The question that actually matters is simpler: given how this specific asset runs in your environment, is exploitation technically possible at all?

Every CVE comes with conditions attached to it. Sometimes they're clearly described in the advisory, sometimes they only show up in a PoC or a long blog post, others we have to investigate to determine those conditions by piecing it together from multiple sources:

"This only works if a particular kernel subsystem is enabled"
"The process must run with this flag or capability"
"This feature must be turned on in the configuration"
"The vulnerable code is only reachable in a certain mode or role"
"The attacker needs to come from a specific network location"

Those details determine whether the vulnerability is a real problem on that system or just background noise.

Our AI agents do what your best security engineer would do if they had all the time in the world. They research the vulnerability, work out these prerequisites, and then check your environment to see whether those conditions actually exist.

They do this agentlessly, without installing anything. They pull data from cloud provider APIs, inspect containers and workloads through the control plane, and collect runtime context like which images run where and with which configurations.

From there, they put each CVE and asset pair into one of two buckets. Either at least one key prerequisite is missing, and the finding is simply not exploitable in this environment. Or the technical conditions line up, and an attacker could realistically exploit this asset as it's currently configured.

In real customer environments, most scanner findings aren't actually exploitable vulnerabilities. The CVSS score might be high, but the bug can't actually be exploited the way things are deployed today.

That's the core of what we believe: if a vulnerability can't be exploited in your environment, it shouldn't compete for attention with the ones that can. (This doesn't mean you shouldn't fix it at some point, it just means it's not the top priority.)

A couple of real examples we've seen that help make this clearer:

In 2024, the vulnerability CVE-2024-38541 was found in the Linux kernel. The CVSS vector of this vulnerability has a network attack vector and a 9.8 critical severity. Most tools that do network reachability would highlight this vulnerability and tell you to fix it ASAP.

However, if you are running on AWS Nitro lightweight hypervisor (most AWS workloads nowadays), it uses Advanced Configuration and Power Interface (ACPI) instead of Device Tree for hardware enumeration, which makes this vulnerability not exploitable in your server. You don't need to create a code reachability graph of the whole server to know this either; our agents can figure this out by collecting the right context and some light reasoning.

Another example is vulnerability CVE-2022-28615 on Apache HTTP Server 2.4.53. Again, this vulnerability has a network attack vector and a 9.1 critical severity.
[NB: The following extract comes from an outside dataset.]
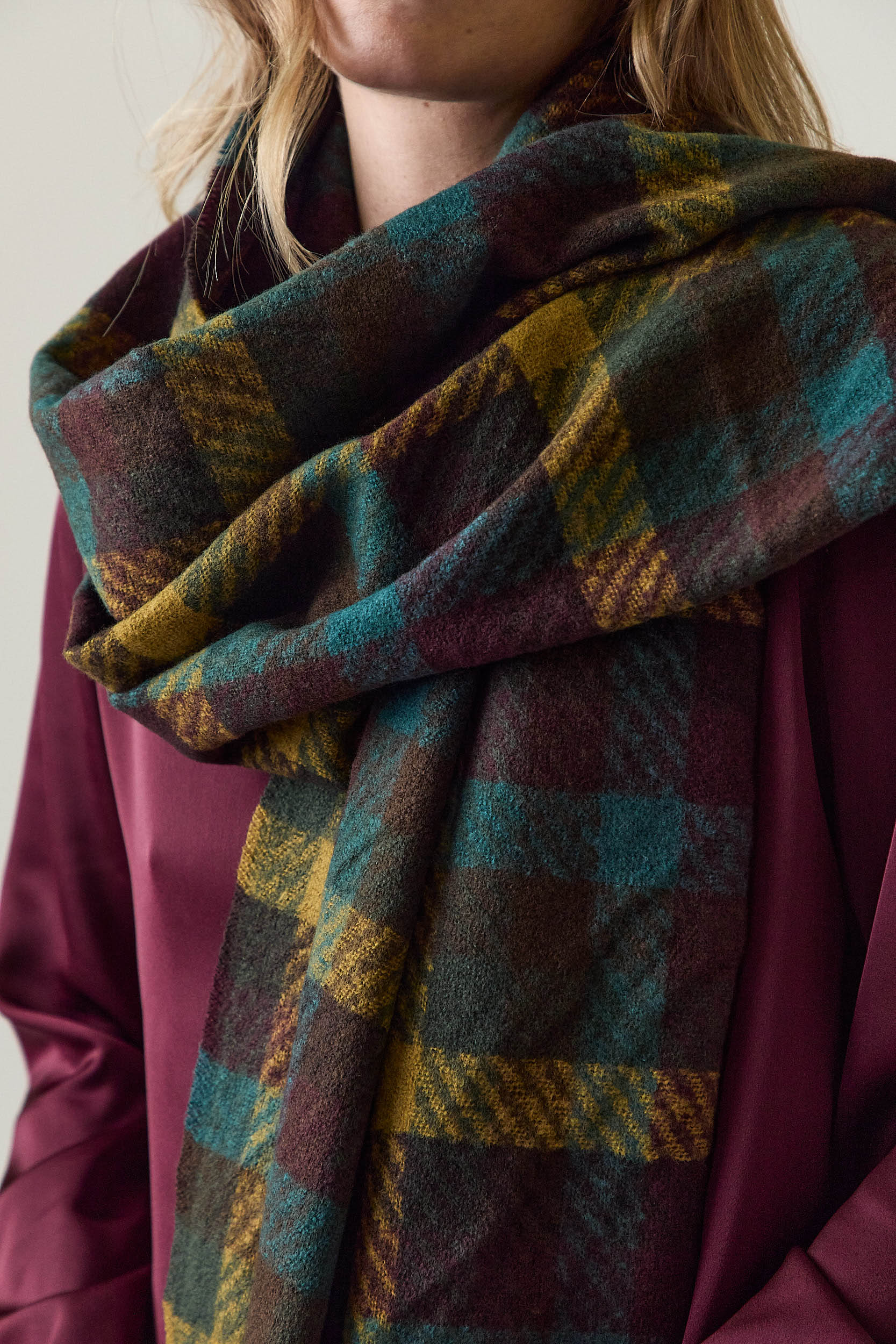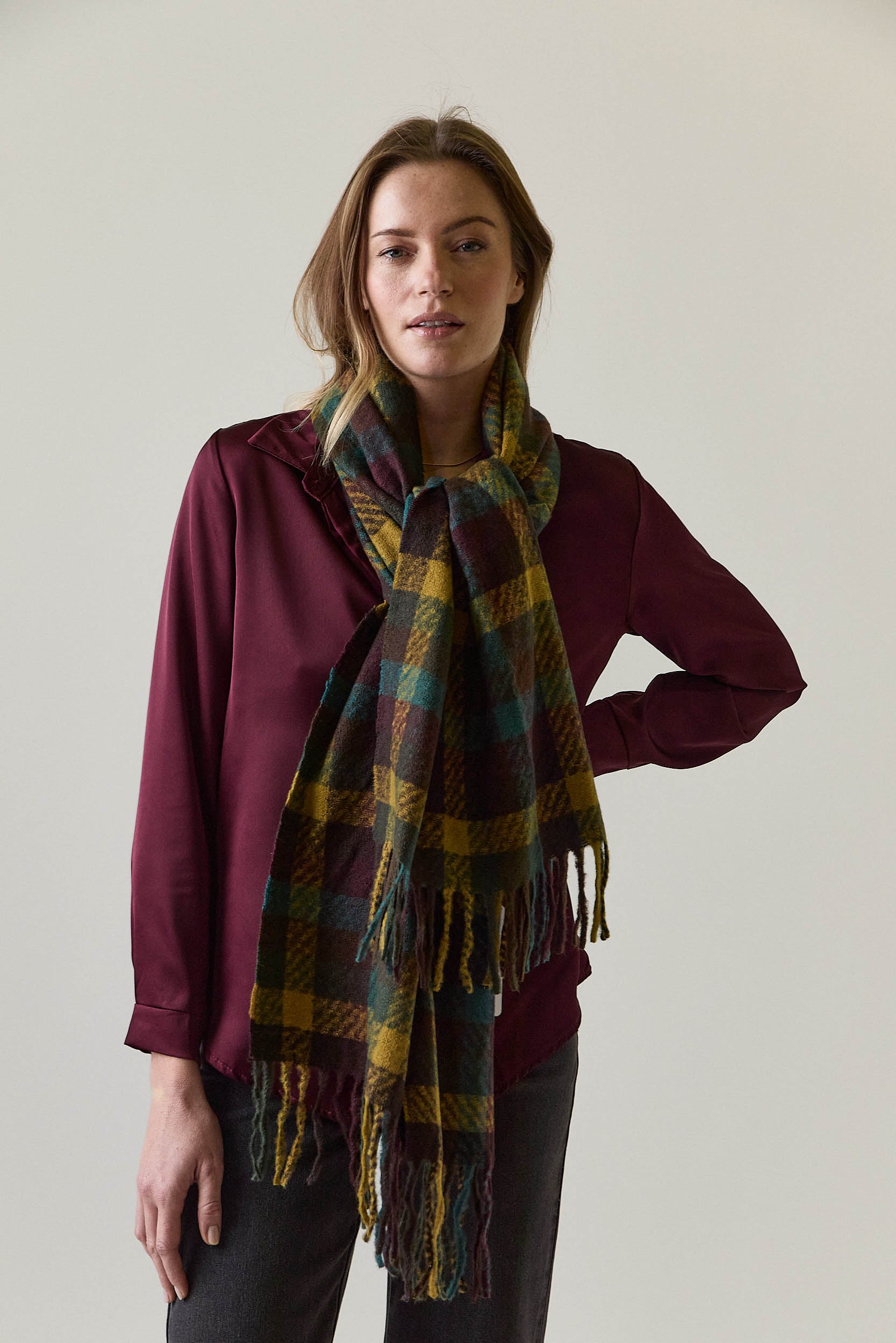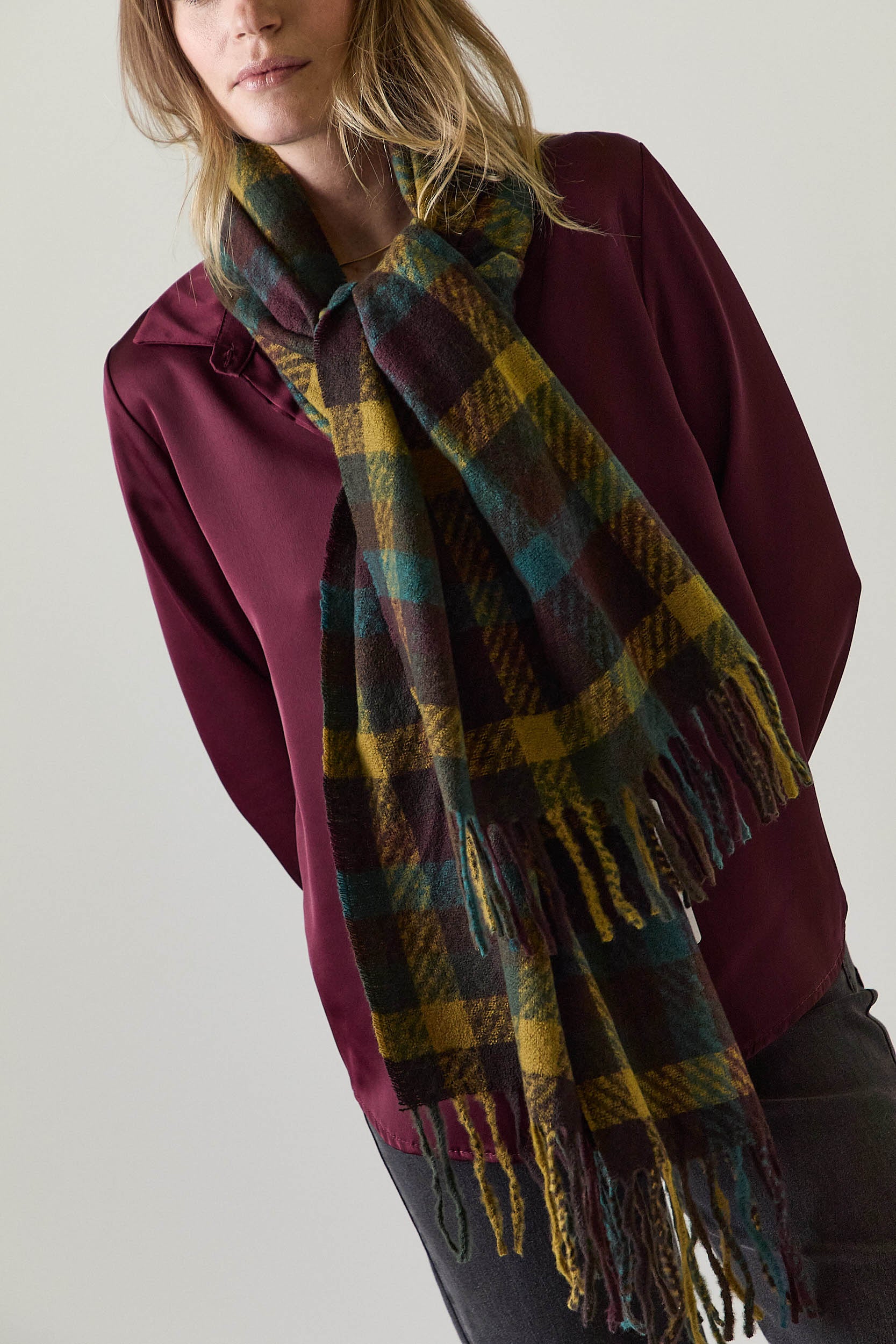 Bufanda de cuadros en una combinación de tonos lima, verde, burdeos y amarillo mostaza. Su diseño presenta un cuadro clásico de tamaño medio y flecos largos que aportan textura y movimiento.

However, the agents are great at understanding your Apache HTTP Server configuration.

There are only two situations in which this vulnerability can be exploited. The first is if you are using the Lua module; one of our agents found in a customer environment a commented out line #LoadModule lua_module. The second is if you are using any third-party module. In the same customer environment, our agents analyzed the modules being loaded and none was a third-party. It was a plain vanilla configuration.

Having that information, the AI agents correctly reasoned that this is a false positive. Reachability alone would either not be able to figure this out or would not identify this as a false positive.

Why 'reachability only' falls short

In the last few years, "reachability" has become a popular answer to alert fatigue, but people mean very different things when they say it.

Sometimes it's static code reachability: you scan the code, build call graphs, and see whether any path leads to a vulnerable function. On paper, that looks precise. In reality, production behavior depends on configs, feature flags and deployment modes. Code can be "reachable" in the repository while the paths are dead in production or only used in test setups.

Sometimes it's runtime reachability: you instrument the system, trace execution, and record which functions are actually called. That's closer to reality, but it usually requires sensors, eBPF or similar plumbing in production. It's often intrusive, adds moving parts, carries performance and stability risk, and is hard to roll out cleanly across all environments.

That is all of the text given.